> _Task brief_
Make an exact copy of the entries below and leave any picture out of it.

> _Supplied records_
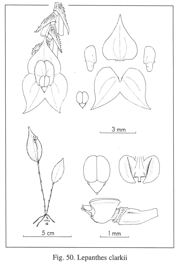 Similar to L ilensis but L clarkii is distinguished by the small habit, long-ciliate sheaths of the ramicauls, elliptic-ovate leaves, a congested raceme shorter than the leaf, broad, acuminate sepals, oblong petals, and a small fleshy lip with the glabrous blades adherent over the column.
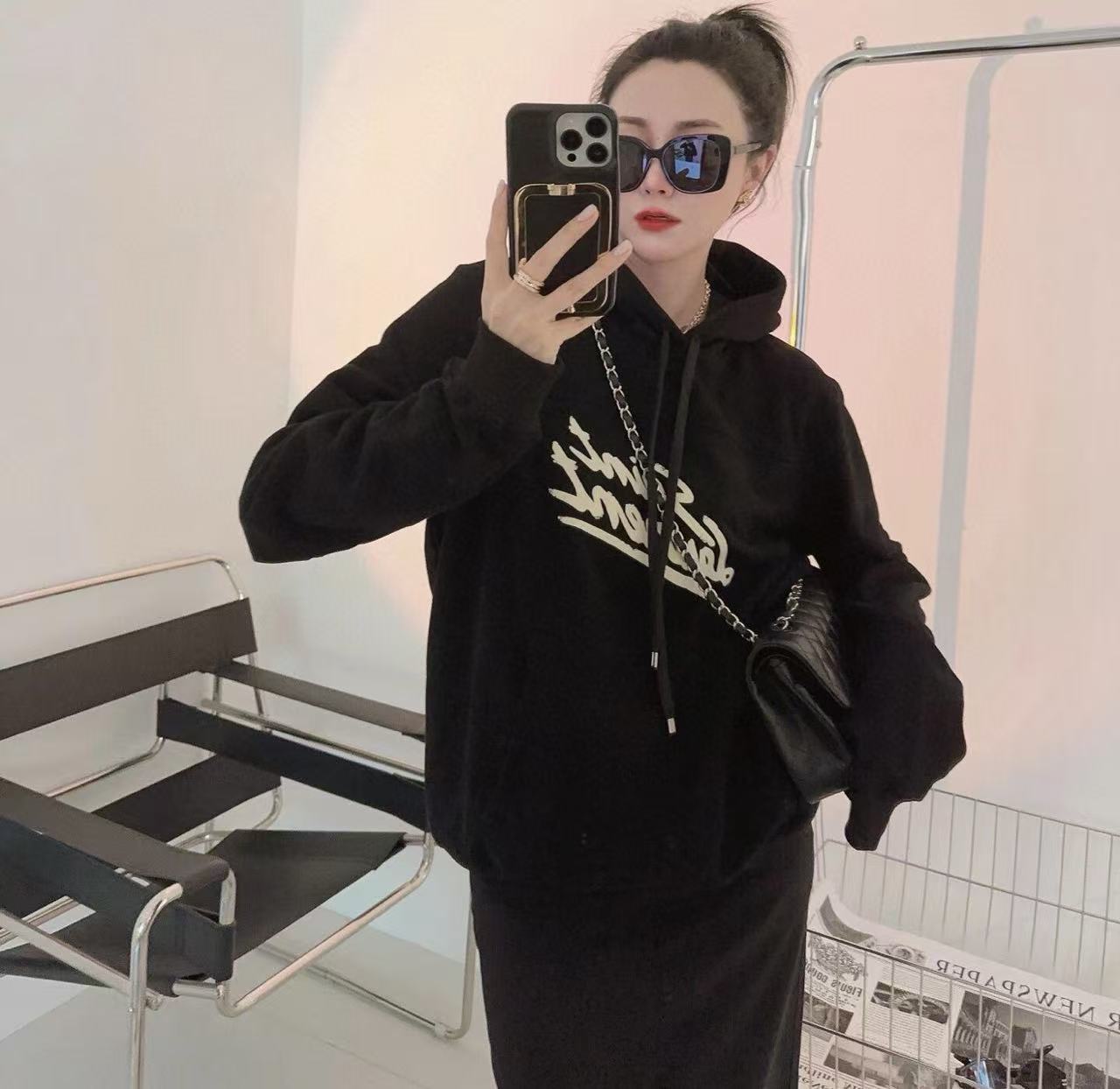 2025秋冬新品 Y家 草寫刺繡字母連帽衛衣
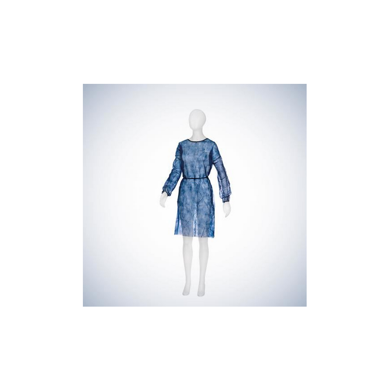 The Med-Comfort PE gown is designed for use by medical staff and visitors. Made of polyethylene, has a collar like a shirt, and has press buttons on the front.Price is for 1 piece, pack of 50 pieces.
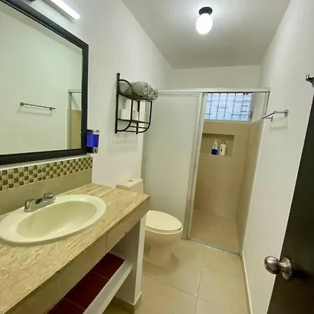 Peach_35 Apartamento Centrico A 5 Min De La Playa Daire dairesi Cancun şehrinin Downtown Cancun semtinde bulunup verandaya sahiptir. Peach_35 Apartamento Centrico A 5 Min De La Playa Daire dairesi duş kabini, ayrı tuvalet ile donatılmış 1 banyo odası sağlamaktadır.
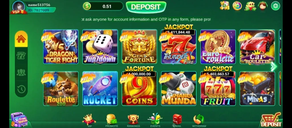 The game has a user-friendly interface that contains features like deposit, withdraw, VIP, customer support, and all the games of this app. You can easily find and use these features. You will get many free bonuses and attempts to win money. The deposit amount starts from 50 and the minimum withdrawal is 200. The game is safe and has no security issues. You can earn while being entertained.
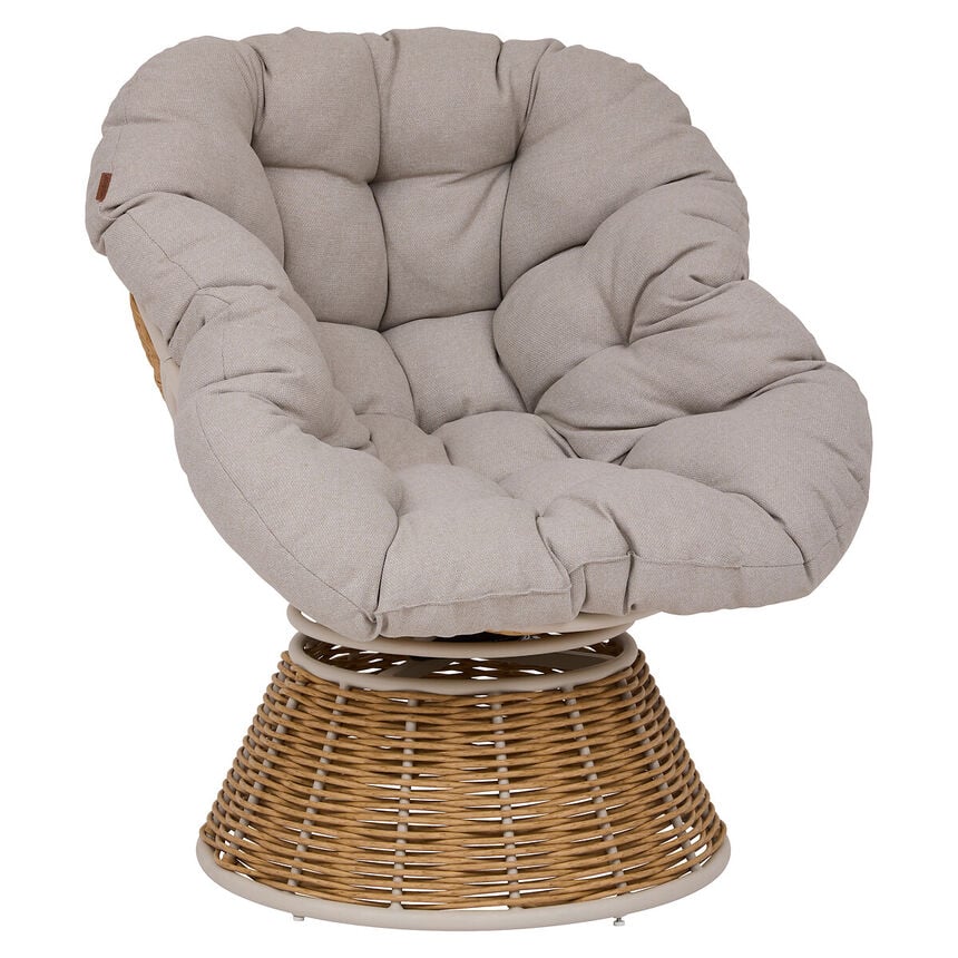 Cadeira rotativa NYMELY com almofadão | 86x76x95,5cm | Rattan sintético | Estrutura com tratamento epóxi antiferrugem | Estrutura com tratamento... Read more

> _Result_
 Similar to L ilensis but L clarkii is distinguished by the small habit, long-ciliate sheaths of the ramicauls, elliptic-ovate leaves, a congested raceme shorter than the leaf, broad, acuminate sepals, oblong petals, and a small fleshy lip with the glabrous blades adherent over the column.
 2025秋冬新品 Y家 草寫刺繡字母連帽衛衣
 The Med-Comfort PE gown is designed for use by medical staff and visitors. Made of polyethylene, has a collar like a shirt, and has press buttons on the front.Price is for 1 piece, pack of 50 pieces.
 Peach_35 Apartamento Centrico A 5 Min De La Playa Daire dairesi Cancun şehrinin Downtown Cancun semtinde bulunup verandaya sahiptir. Peach_35 Apartamento Centrico A 5 Min De La Playa Daire dairesi duş kabini, ayrı tuvalet ile donatılmış 1 banyo odası sağlamaktadır.
 The game has a user-friendly interface that contains features like deposit, withdraw, VIP, customer support, and all the games of this app. You can easily find and use these features. You will get many free bonuses and attempts to win money. The deposit amount starts from 50 and the minimum withdrawal is 200. The game is safe and has no security issues. You can earn while being entertained.
 Cadeira rotativa NYMELY com almofadão | 86x76x95,5cm | Rattan sintético | Estrutura com tratamento epóxi antiferrugem | Estrutura com tratamento... Read more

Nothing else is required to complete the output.